Intel agreed to convert $11.1 billion in CHIPS funding and other grants into a 9.9 percent equity stake in Intel held by the United States. Donald Trump pressed Intel CEO Lip-Bu Tan and later said Tan "walked in wanting to keep his job, and he ended up giving us $10 billion for the United States." Shareholders including James McRitchie warned the deal sets a bad precedent by allowing presidential pressure to secure corporate equity, and Kristin Hull said she has "more questions than confidence" about investor benefits. Some tech firms and politicians praised the conversion as returning value from CHIPS grants to the U.S., while Commerce Secretary Howard Lutnick criticized previous CHIPS funding as given "for free."
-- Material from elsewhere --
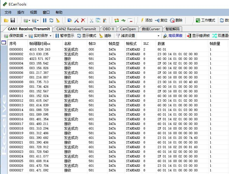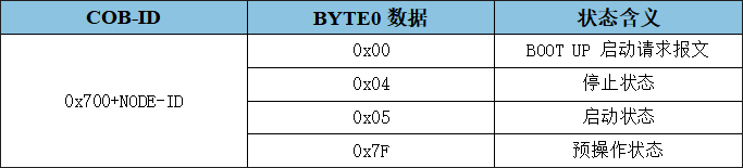 報(bào)文:ID:0x000數(shù)據(jù):01 01,設(shè)置CANopen進(jìn)入啟動(dòng)狀態(tài)。
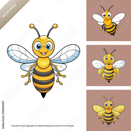 Cute Bee Insect Logotype Vector Art Set Design on White Background

Some investors are not happy that Intel agreed to sell the US a 10 percent stake in the company after Donald Trump attacked Intel CEO Lip-Bu Tan with a demand to resign. After Intel accepted the deal at a meeting with the president, it alarmed some investors when Trump boasted that his pressure campaign worked, claiming Tan "walked in wanting to keep his job, and he ended up giving us $10 billion for the United States."
"It sets a bad precedent if the president can just take 10 percent of a company by threatening the CEO," James McRitchie, a private investor and shareholder activist in California who owns Intel shares, told Reuters. To McRitchie, Tan's acceptance of the deal effectively sent the message that "we love Trump, we don't want 10 percent of our company taken away."